Reaha isn’t as bookish, but she is working through David Walliams’ Gangsta Granny. She fiddles around with a gym set in her bedroom and would love to be a gymnast, but wonders, “What would I do after that?” One thing the sisters do share are ridiculously long lashes that peek out above their masks.
@MYGREENMANTRA
The lashes and, of course, @MyGreenMantra (check them out on Instagram), the name they’ve given to their strike action. Dhaanya’s epiphany came at around seven years, when an image of a turtle strangling on plastic six-pack rings set her on her path. After asking her parents a few questions and digging into some kid-friendly research (which has since expanded), she hit the street.

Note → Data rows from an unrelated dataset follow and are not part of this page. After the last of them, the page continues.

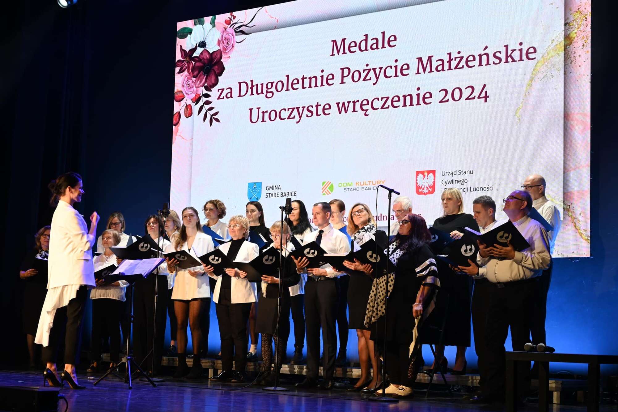 Oprawę artystyczną zapewnił Chór Aprobata działający przy Domu Kultury Stare Babice pod kierunkiem Aleksandry Troczyńskiej-Rucińskiej, który wykonał program muzyczny składający się z pięknych utworów o tematyce miłosnej przygotowany specjalnie z myślą o naszych Jubilatach.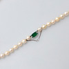18K vitguld, krysopras storlekar smaragd och rund, 1.20 ct, diamanter stl 8/8, ca 0.04 ct. och japanska odlade pärlor med en diameter på 8,5 - 9 mm. 189 cm. 177,1 gr.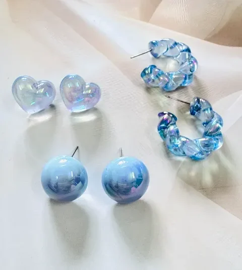 Iridescent Blue Heart studs,Twist Hoops & Button studs Earrings Combo – Elegant Glossy Statement Set by Razzle Dazzle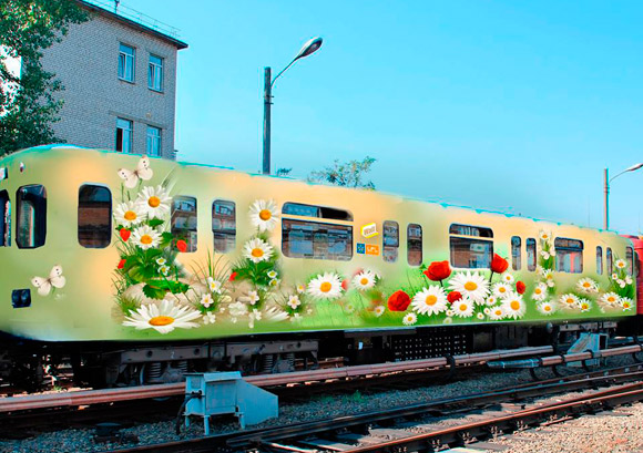 Сам вагон художники украсят снаружи различными цветами: розами, маками, и огромными ромашками, а внутри будут размещены постеры с замечательными словами о женщинах, красоте и любви.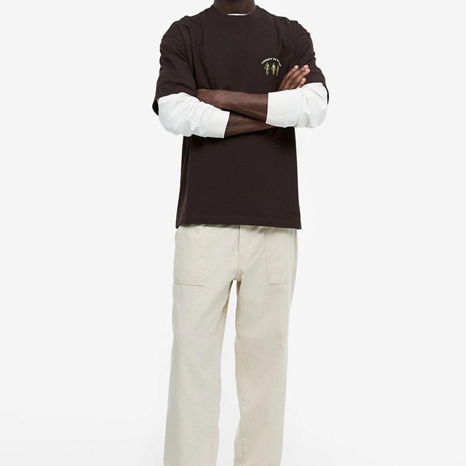 เสื้อยืดผู้ชายทรงหลวม ดีไซน์เก๋ไม่ซ้ำใคร เนื้อผ้าคอตตอนหนานุ่ม แขนสั้น รับสกรีนโลโก้ตามสั่ง ปรับแต่งได้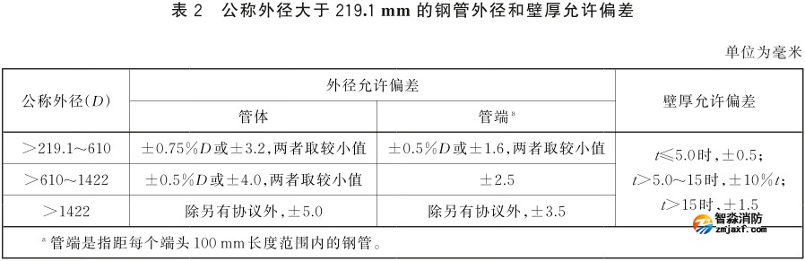 5.1.2公称外径大于219.1mm的钢管,其公称外径和公称壁厚应符合GB/T 17395的规定,公称外径和公称壁厚的允许偏差应符合表2的规定。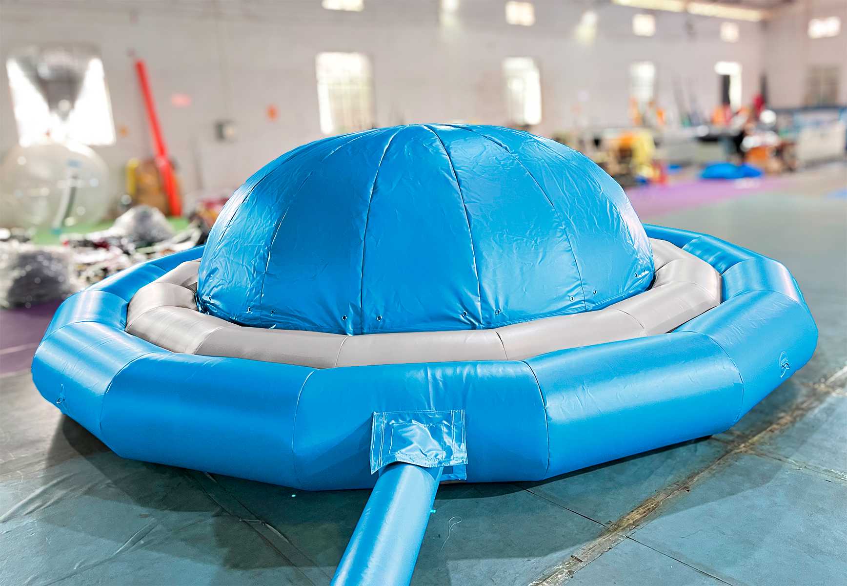 - Перед тем как надувать, убедитесь, что площадка ровная и очищена от мусора и острых предметов.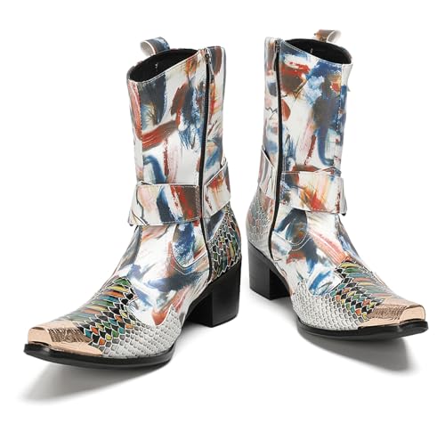 • Head-Turning Western Style,Handmade: Statement paint-stroke print,snakeskin accents,and a gleaming metal toe cap-each pair hand-finished for unique character. These men's cowboy boots command attention at festivals, rodeos, concerts, cosplay, parties, and nights out.

“I was really tired of hearing news about plastic, and pollution and climate change, and how governments weren’t doing anything about it, so I thought, ‘Why can’t I?’ We made some signboards and went outside.” Ever the curious little sister, “When she went out, I was all, ‘Where are you going? I want to join,’” recalls Reaha. “At first I just held the signs but as I learnt more, I got into it.”
That eventually gave birth to @MyGreenMantra. “Mantra is a Sanskrit word for ‘chant’ and when repeated becomes a habit,” Reaha says. “We want everyone to make climate action a habit.” And she really wants to get away from the linear economy that has put us where we are. “We produce, produce, produce, use, use, use, and waste, waste, waste. We’d love Hong Kong to be a role model of sustainability and the circular economy, which is where you produce something and then make it into something else when you’re done with it.”
BEING THE CHANGE
To that end the girls plan on beating the drum on climate change this summer. They’re off to a smashing start, following a June 18 TEDx event, where they were two of 11 speakers talking about how one person can create a ripple that leads to bigger change. “It was awesome. There were about 100 or 200 people…” Dhaanya says gleefully.
The activism continues this month, with Dhaanya and Reaha featuring alongside a couple of their teachers in a Cable TV-produced short, which aims to increase awareness in local communities. The show airs on Channel 77 Open TV at 7.30 pm on July 2 (in English with subtitles), and after a week it will be posted on the Cablewish Facebook page. Watch out too for an Encompass Hong Kong event in August, at which the girls will be talking to other local school kids about climate change (with a translator for maximum impact).
Dhaanya and Reaha count Dana Winograd at Plastic Free Seas as someone to aspire to, but the most obvious comparison is Greta Thunberg, who’s not hopeful enough for the Ganeriwal girls.
“We’re doing what we can at our level. We don’t want to chase other people’s expectations,” reasons Reaha. “And besides, we should be enjoying our lives, not cleaning up the mess generations before us made. We don’t want our kids living like this.”
Dhaanya listens on, nodding, before finishing the thought. “We know individual actions can’t change the world, but enough of them together, as a community, can.”